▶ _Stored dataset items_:
BEGIN

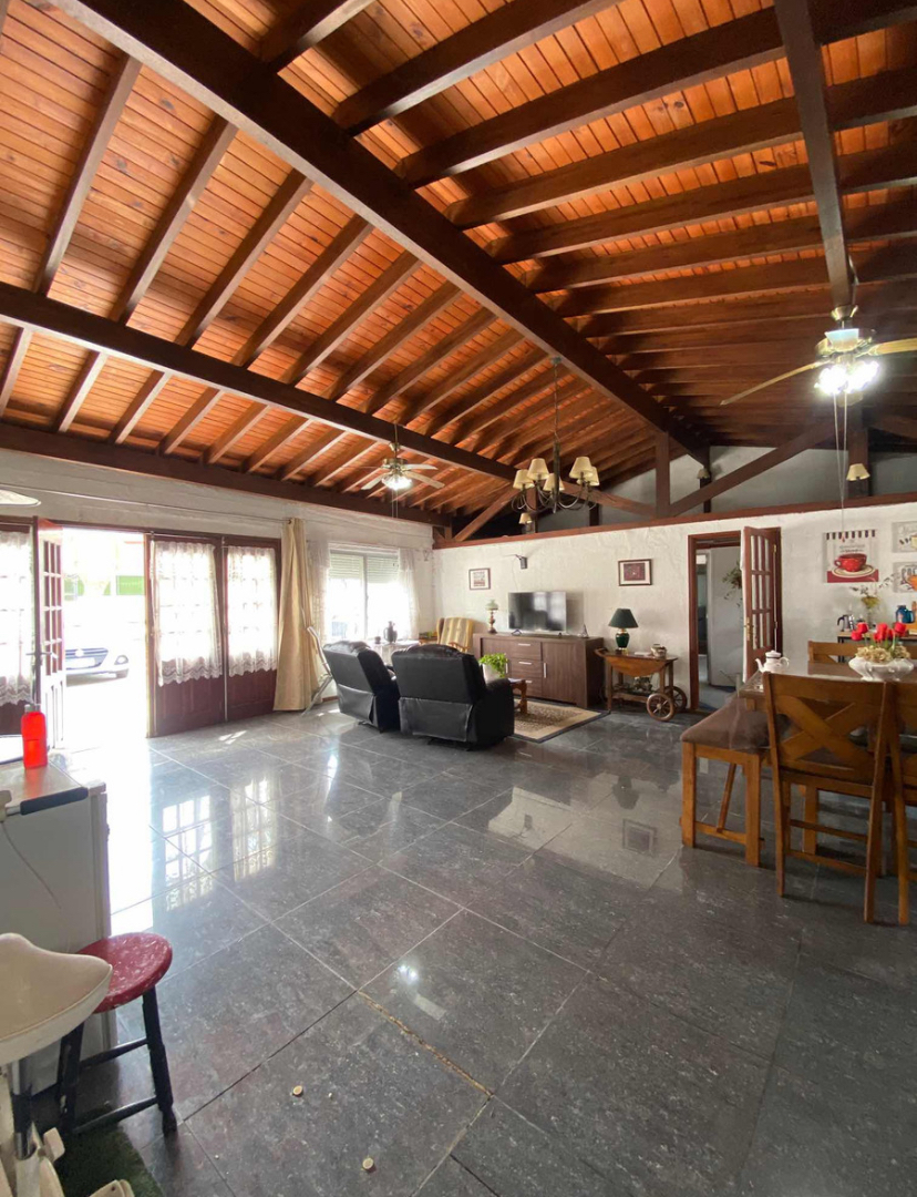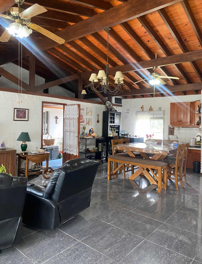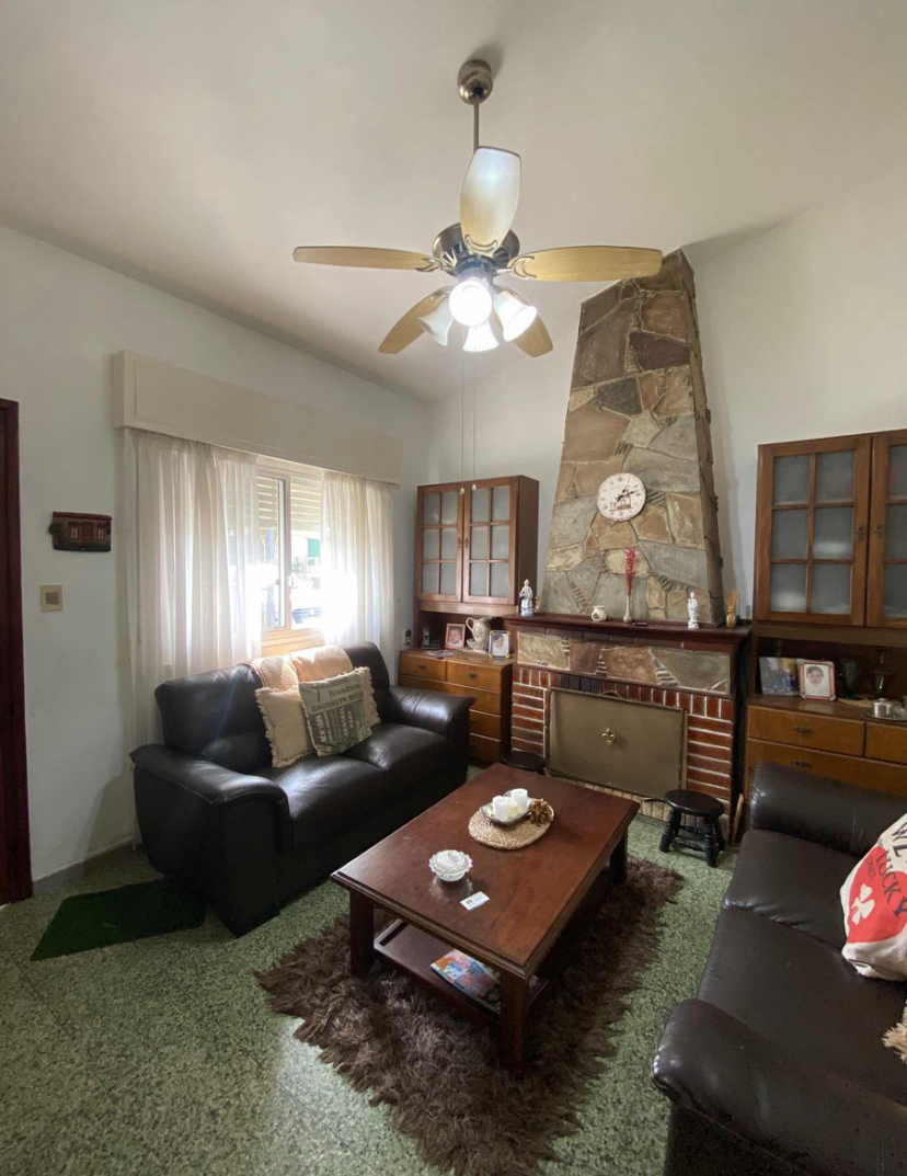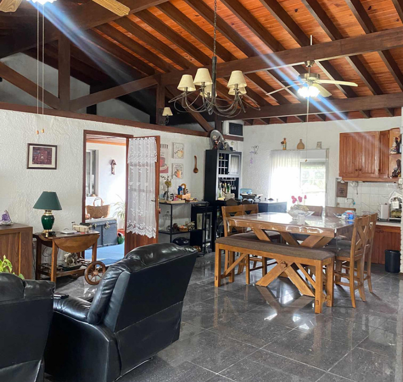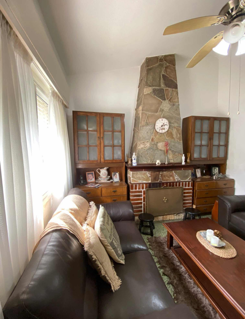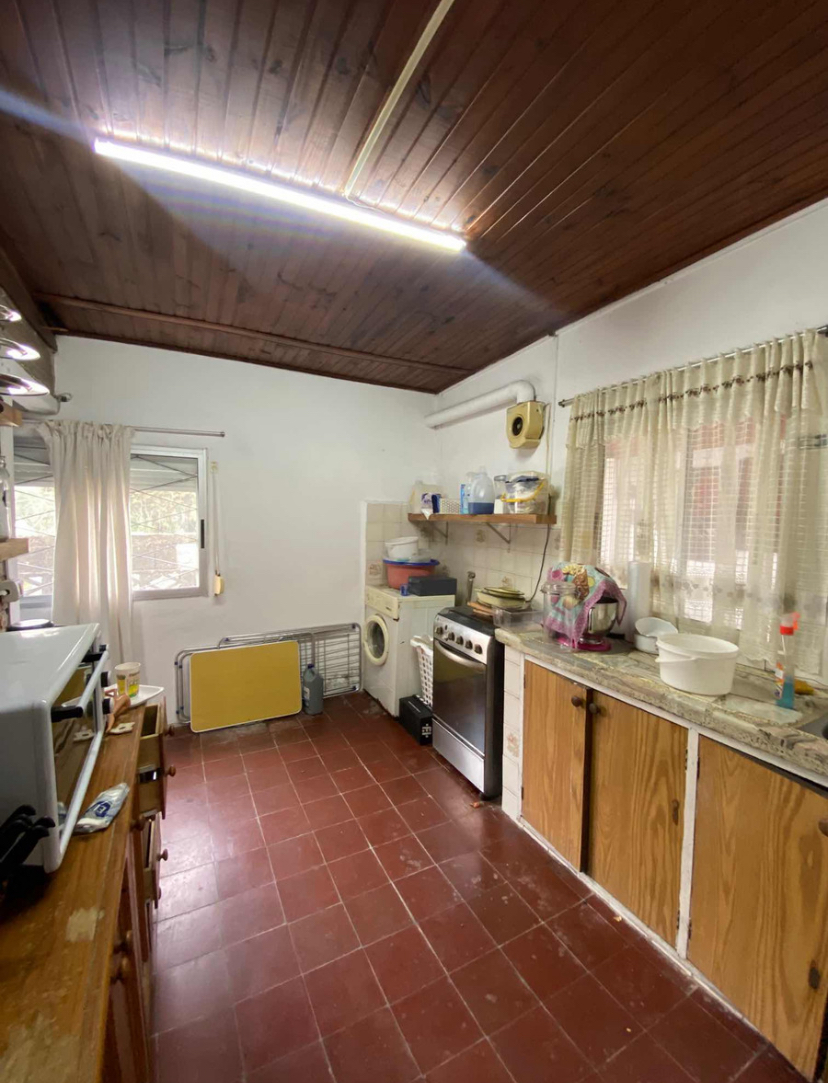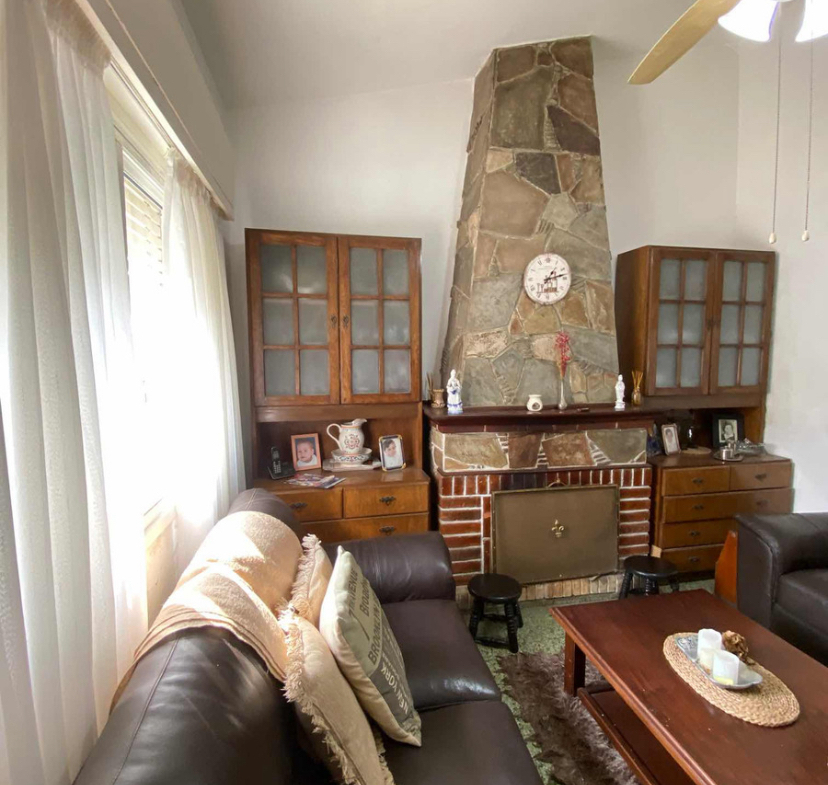 La casa principal cuenta con jardín al frente, entrada vehicular, 2 dormitorios, living comedor con estufa a leña.
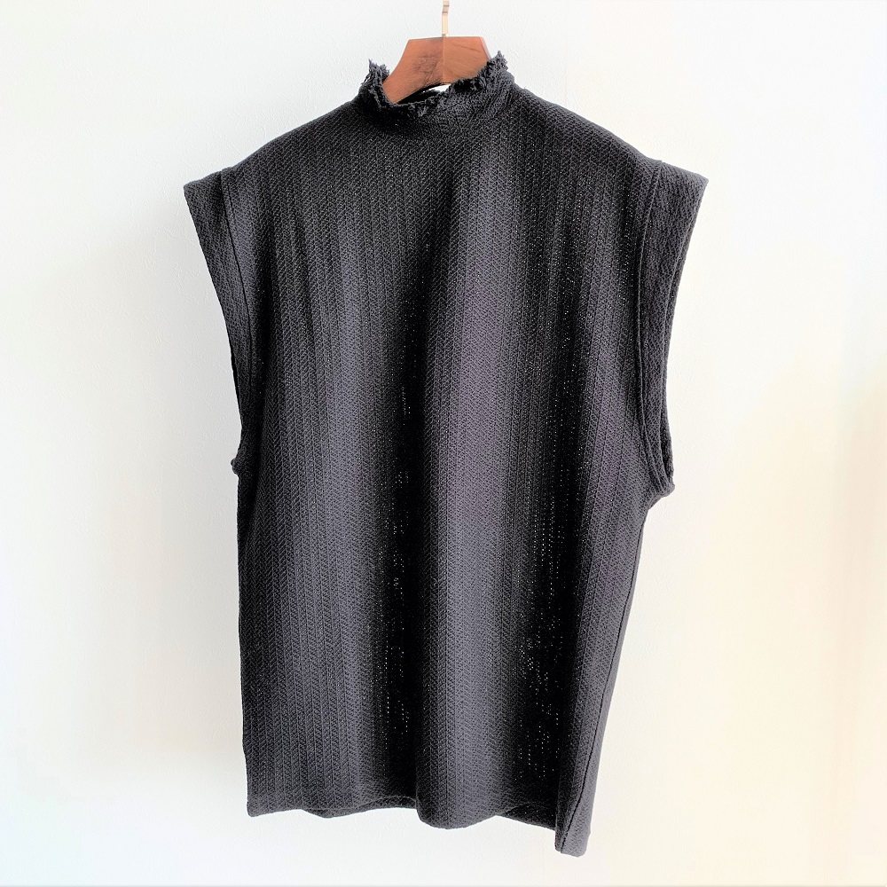 (P+)hatra "aro cla"ハイネックプルオーバー htr_s19_TO03 black size:1 レディースS〜Mサイズ ハトラ ノースリーブ ニット 重ね着 モード
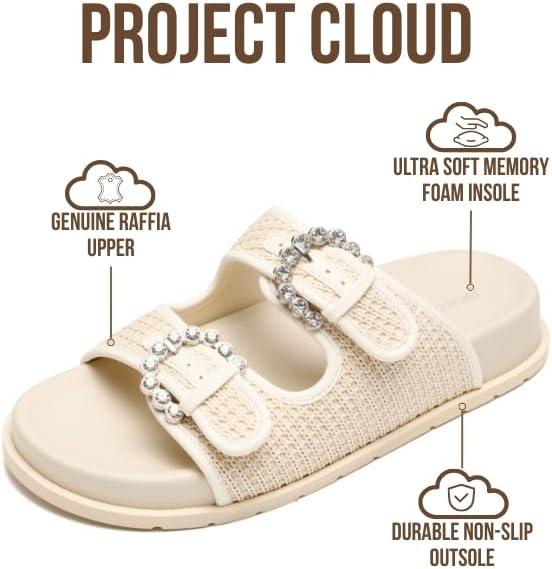 Project Cloud Platform Summer Sandals for Women 2026 – Comfortable and Adjustable Straps Summer Slides – Non-Slip Casual Womens Sandals(Sharl 2 – Off-white Raffia)
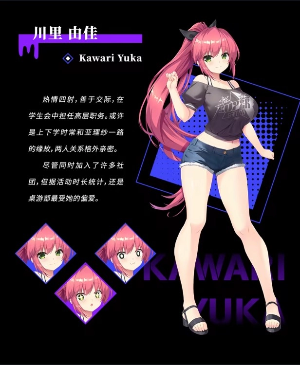 桌游部的成员,是个十足的小恶魔。因为社团里有位很厉害的大小姐,她对自己出身平凡这件事有点自卑,所以在社团活动中两人经常合不来。她的兴趣是绘画,在平面设计方面好像也很有本事。
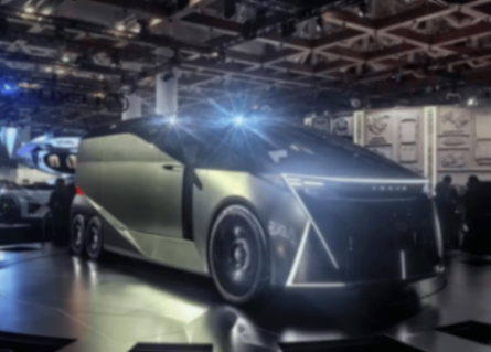 同样关注度极高的就是“LS概念车”,该车虽然为商务车的车身形态,但却采用了6个车轮的结构,前面2个车轮较大,后面4个车轮较小。
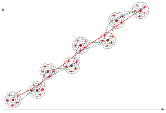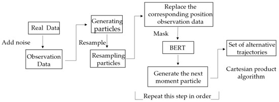In Algorithm B, the first and second particles are generated in the same method as in Algorithm A, but the third batch is generated in a different way, with the resulting particles constantly replacing the observed data. Therefore, when predicting the particles the next time, all the generated particles before the current time and the observed data after the current time are involved in the prediction. Figure 6 shows the process of constructing the set of alternative trajectories using the particle filter algorithm. After all the particles are obtained, the Cartesian product algorithm is used to cross-arrange and combine the particles to obtain the alternative trajectory set.
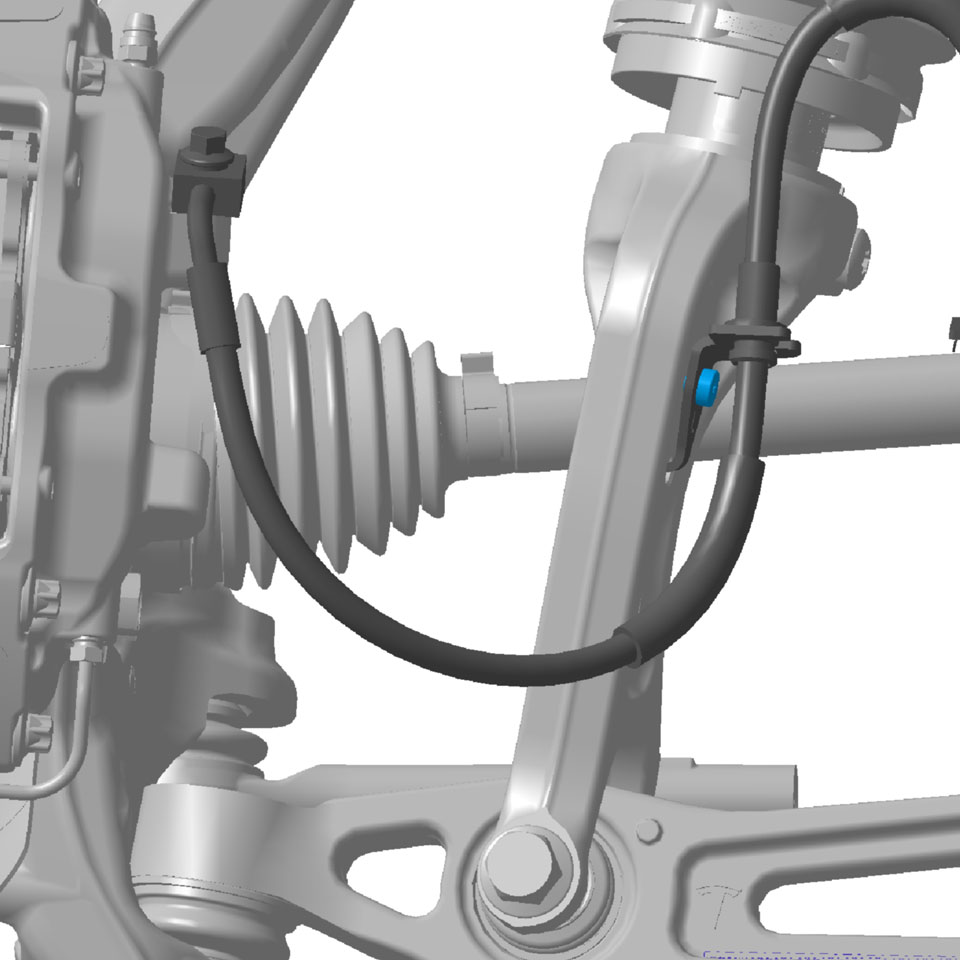 Release the wheel speed sensor harness from the bracket on the control arm.
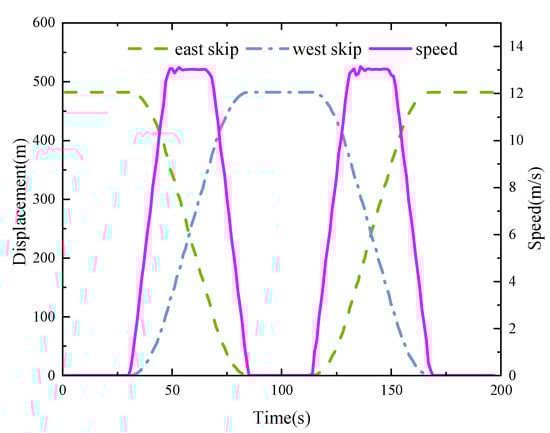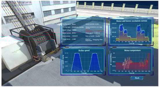 Taking the main hoisting system of a specific mine in China as an example, it has a lifting height of 483 m and a lifting capacity of 30 tons. Figure 13 illustrates the operation process of the mine hoisting system. Focusing on the east skip, we can see that it begins by stopping at a depth of approximately 470 m at the bottom of the well for loading. After loading, it accelerates to a constant speed for lifting and then decelerates to reach the unloading platform at the wellhead for unloading. Once unloaded, it returns to the bottom of the well for reloading. Throughout the entire lifting process, the speed remains consistently stable with small fluctuations. In contrast, the behavior of the west skip is precisely opposite to that of the east skip. Figure 14 illustrates the mine hoist digital twin monitoring system, which is capable of executing various functions, including scene display, human–computer interaction, motion synchronization, and condition monitoring. The current and temperature monitoring of the lifting motor is shown in Figure 15.

END

▶ _WORK TASK_:
Repeat only what lies between the start of the data and the end of the line containing "Release the wheel", exactly, with pictures left out.

▶ _ANSWER BOX_:
 La casa principal cuenta con jardín al frente, entrada vehicular, 2 dormitorios, living comedor con estufa a leña.
 (P+)hatra "aro cla"ハイネックプルオーバー htr_s19_TO03 black size:1 レディースS〜Mサイズ ハトラ ノースリーブ ニット 重ね着 モード
 Project Cloud Platform Summer Sandals for Women 2026 – Comfortable and Adjustable Straps Summer Slides – Non-Slip Casual Womens Sandals(Sharl 2 – Off-white Raffia)
 桌游部的成员,是个十足的小恶魔。因为社团里有位很厉害的大小姐,她对自己出身平凡这件事有点自卑,所以在社团活动中两人经常合不来。她的兴趣是绘画,在平面设计方面好像也很有本事。
 同样关注度极高的就是“LS概念车”,该车虽然为商务车的车身形态,但却采用了6个车轮的结构,前面2个车轮较大,后面4个车轮较小。
In Algorithm B, the first and second particles are generated in the same method as in Algorithm A, but the third batch is generated in a different way, with the resulting particles constantly replacing the observed data. Therefore, when predicting the particles the next time, all the generated particles before the current time and the observed data after the current time are involved in the prediction. Figure 6 shows the process of constructing the set of alternative trajectories using the particle filter algorithm. After all the particles are obtained, the Cartesian product algorithm is used to cross-arrange and combine the particles to obtain the alternative trajectory set.
 Release the wheel speed sensor harness from the bracket on the control arm.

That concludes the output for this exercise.